At the Bird and Deer Park we are committed to protecting your personal information and being transparent about what we do with it, however you interact with us. We are therefore committed to using your personal information in accordance with our responsibilities. As part of this, we are required to provide you with the information in this Privacy Notice under applicable law which includes:
- The General Data Protection Regulation (EU) 2016/679, 25 May 2018
- the Privacy and Electronic Communications (EC Directive) Regulations 2003.
We won’t do anything with your information you wouldn’t reasonably expect, and this policy explains how and what we do with your data and why we use and store it.
The Bird and Deer Park is based at Cranham, Glos, GL4 8EX.
- How we collect information about you
- What personal information we collect
- Why we collect your personal information and how it is stored
- How long we store your personal information
- When we share your personal information
- Collecting your consent
- Protecting your data
- Your rights for your personal data
- How we use legitimate interest
- Our policy for under 16s
- External websites and social media platforms
- How to make a complaint or raise a concern
1. How and when we collect information about you
We may collect and store information about you whenever you interact with us.
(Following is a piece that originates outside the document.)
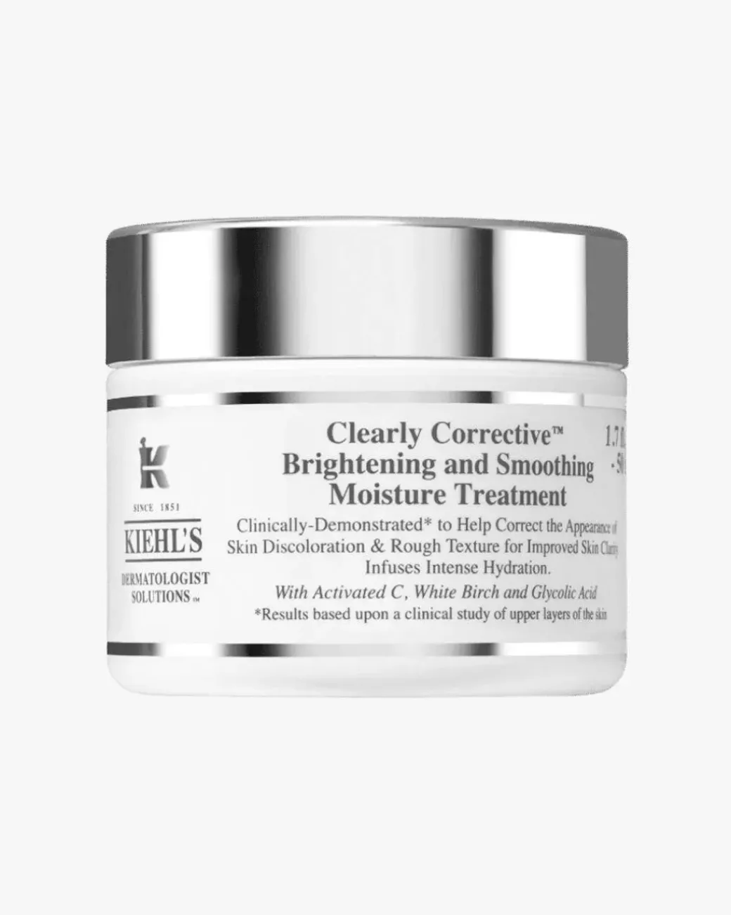 Kiehl’s Clearly Corrective Brightening & Smoothing Moisture Treatment er en ultralett fuktighetskrem for deg som har uklar hud. Kremen løser tre grunnleggende årsaker til tap av klarhet i huden, nemlig grov tekstur, dehydrering og misfarginger i huden. Den inneholder glykolsyre sammen med aktiv C-vitamin i en nøye tilpasset mengde og er velegnet til følsom hud.

Examples of this include:
- When you sign up for our newsletter
- When you buy tickets online or items from our online shop
- When you book one of our events
- When you contact us with a query
- When you enter one of our competitions
- When you send us a direct message on a social media platform (e.g. Facebook, Twitter, Instagram)
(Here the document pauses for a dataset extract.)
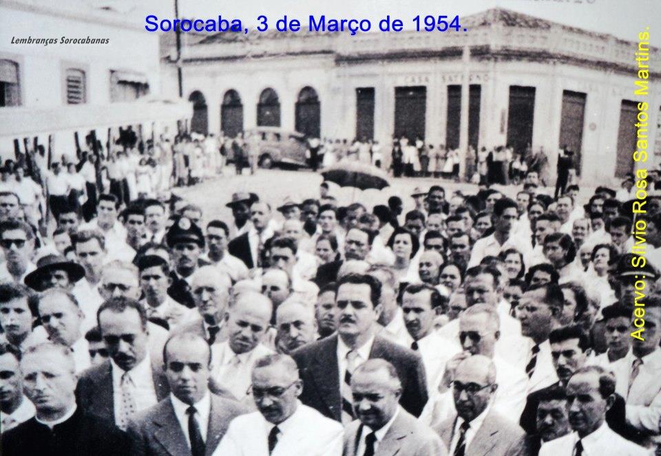 Inauguração do relógio da Praça Nicolau Scarpa Data: 03/03/1954 Créditos/Fonte: Silvio Rosa Santos Martins Com Comendador Heitor Antunes, Dr. Emerenciano Prestes de Barros e Wesceslau Correia Lacerda (Rua Cel. Benedito Pires (ps) (emm) (£) (!) (mf)
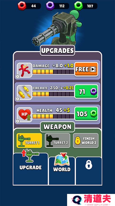 3. 升级系统:玩家可以通过游戏中的升级系统来提升自己的武器威力和防御能力,包括炮塔的攻击力、攻击范围等。

- When you post or comment on a post on one of our social media groups or pages.
- If you apply for a job with us.
2. What personal information we collect
The types of personal information we collect will be based on the way in which you interact with us. The majority of this information will be personal information, including your name, email address, postal address and telephone number. The nature of the personal information collected will be based on how you interact with us, which is detailed in the following section. In all cases we only collect information that we need.
None of the information collected will be data that is deemed ‘sensitive’ or ‘special category’ data.
3. Why we collect your personal information and how it is stored
In almost all cases we will only ever contact you following initial contact by you or following provision of personal information by you. We use and store your personal information in the following ways:
- When you book an event, your personal details are collected and stored in a bookings diary. The information collected and stored includes your name, email address, postal address and telephone number. Payment may be made by credit/debit card using Worldpay, but card details will not be stored by us. Your personal information held in the events diary is kept securely for six years from the event in which you participated.
- We have event photographers at some of our events who may take photos with your consent. If your photograph is taken, you will be asked whether you give consent to any photos of you being used for 1) Our website; 2) Our newsletters; 3) The Bird Parks social media (Facebook, Twitter and Instagram); 4) Our marketing and publicity. You can choose which of these options you give consent to.
- When you buy any tickets online or items from our online shop we need to collect your personal details (name, email address, postal address, telephone number) and credit/debit card information, to take payment for your tickets or goods and to deliver the goods to you. These personal details are held within our website on the eCommerce platforms, Mijoshop or Ohanah and transactions are processed using PayPal. The Bird Park never has access to your credit/debit card details when payment is taken in this way. Financial transaction data, excluding credit/debit card details, is held for as long as the law requires us to for tax or accounting purposes, which may be up to six years from the transaction date.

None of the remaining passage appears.